**Task statement:** Please transcribe the entries below exactly and leave out every picture.

[[ Material to process, beginning ]]

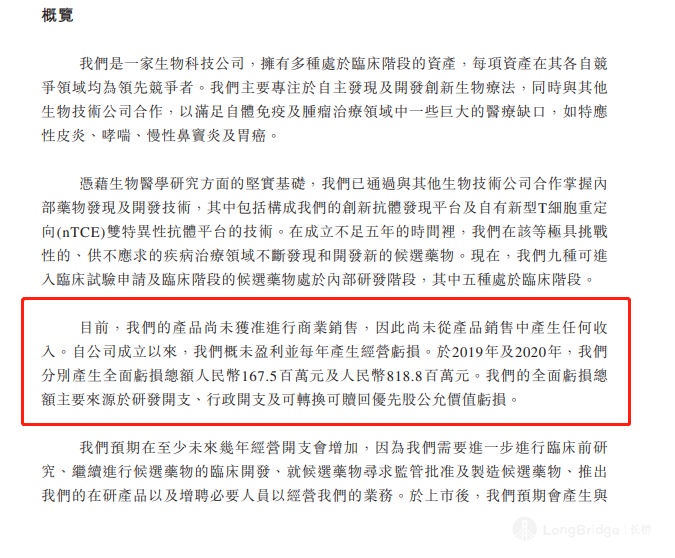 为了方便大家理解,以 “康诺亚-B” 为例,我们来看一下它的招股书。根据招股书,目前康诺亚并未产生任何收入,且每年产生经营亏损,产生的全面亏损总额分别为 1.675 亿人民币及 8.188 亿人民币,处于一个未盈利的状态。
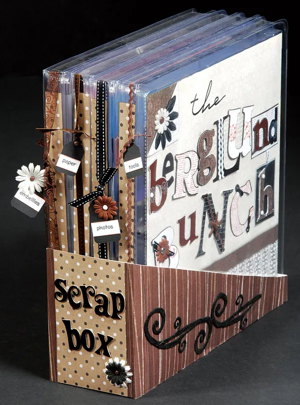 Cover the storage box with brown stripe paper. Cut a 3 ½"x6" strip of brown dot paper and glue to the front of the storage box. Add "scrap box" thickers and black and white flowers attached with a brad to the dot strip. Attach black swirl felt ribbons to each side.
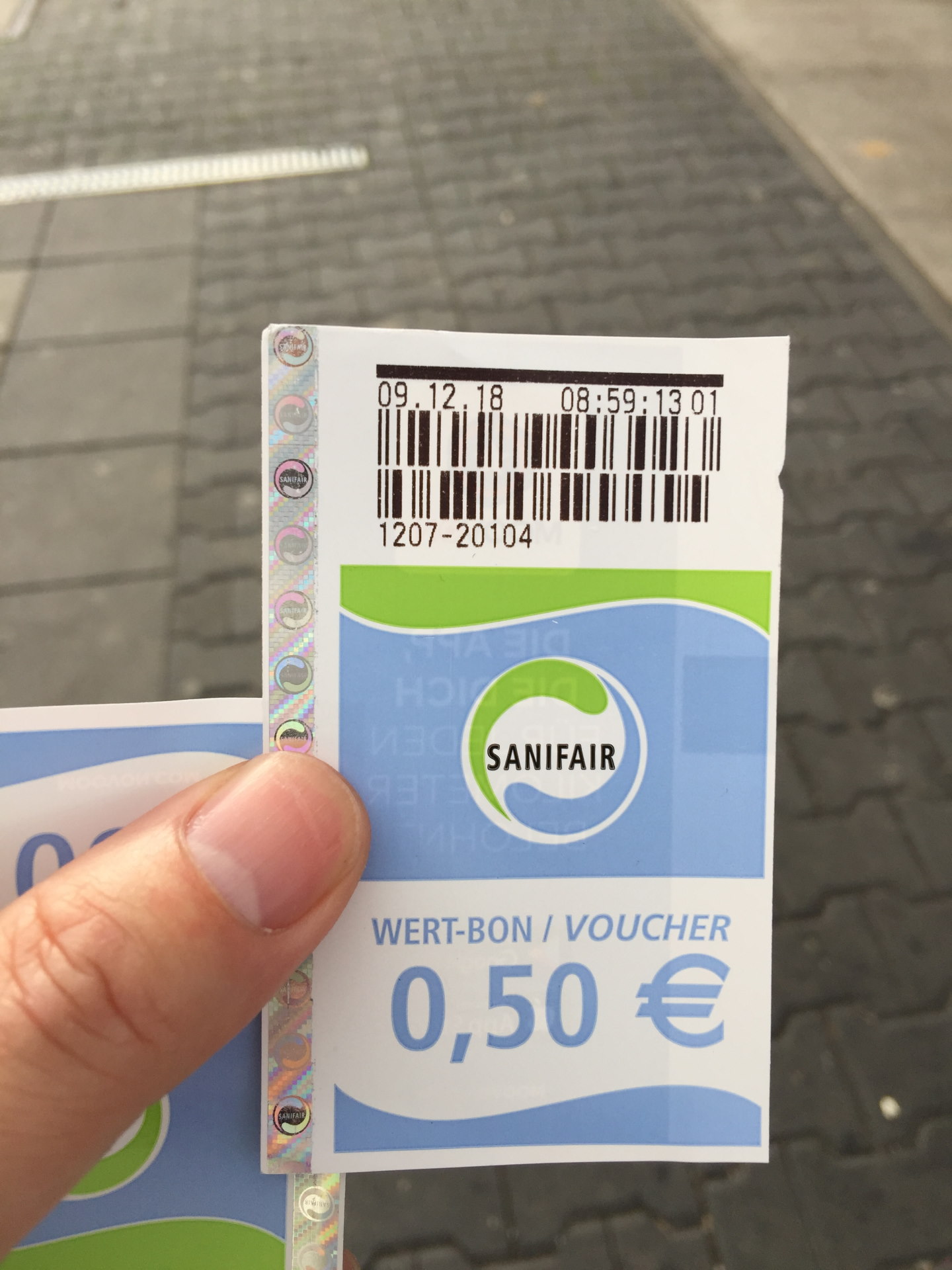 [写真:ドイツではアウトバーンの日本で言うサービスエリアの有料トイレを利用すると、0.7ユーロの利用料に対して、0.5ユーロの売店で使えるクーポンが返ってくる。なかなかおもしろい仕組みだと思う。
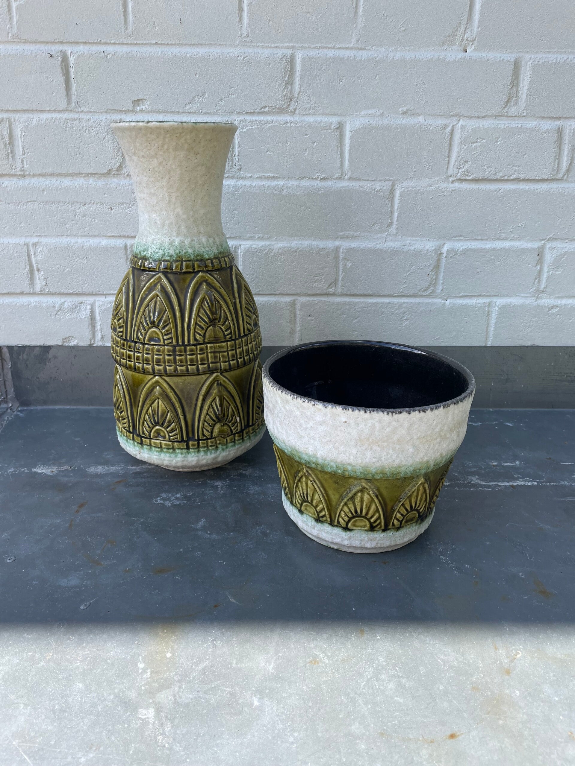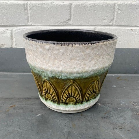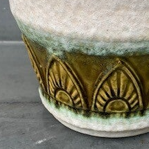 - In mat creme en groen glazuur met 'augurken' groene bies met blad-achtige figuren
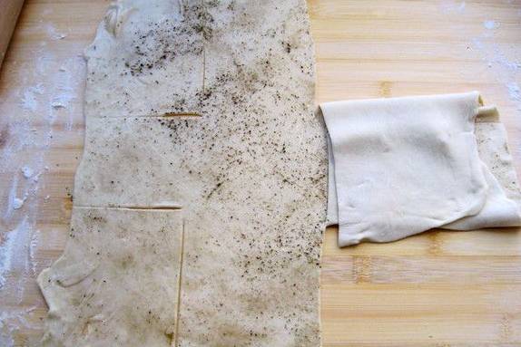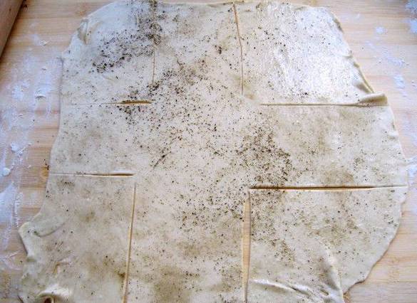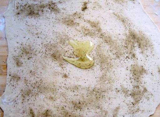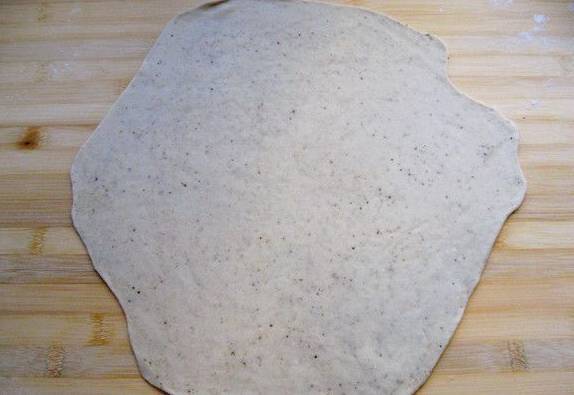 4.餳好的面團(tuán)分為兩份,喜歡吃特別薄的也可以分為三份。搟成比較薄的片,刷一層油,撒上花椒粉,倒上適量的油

[[ Material to process, end ]]

**Answer box:**
 为了方便大家理解,以 “康诺亚-B” 为例,我们来看一下它的招股书。根据招股书,目前康诺亚并未产生任何收入,且每年产生经营亏损,产生的全面亏损总额分别为 1.675 亿人民币及 8.188 亿人民币,处于一个未盈利的状态。
 Cover the storage box with brown stripe paper. Cut a 3 ½"x6" strip of brown dot paper and glue to the front of the storage box. Add "scrap box" thickers and black and white flowers attached with a brad to the dot strip. Attach black swirl felt ribbons to each side.
 [写真:ドイツではアウトバーンの日本で言うサービスエリアの有料トイレを利用すると、0.7ユーロの利用料に対して、0.5ユーロの売店で使えるクーポンが返ってくる。なかなかおもしろい仕組みだと思う。
 - In mat creme en groen glazuur met 'augurken' groene bies met blad-achtige figuren
 4.餳好的面團(tuán)分為兩份,喜歡吃特別薄的也可以分為三份。搟成比較薄的片,刷一層油,撒上花椒粉,倒上適量的油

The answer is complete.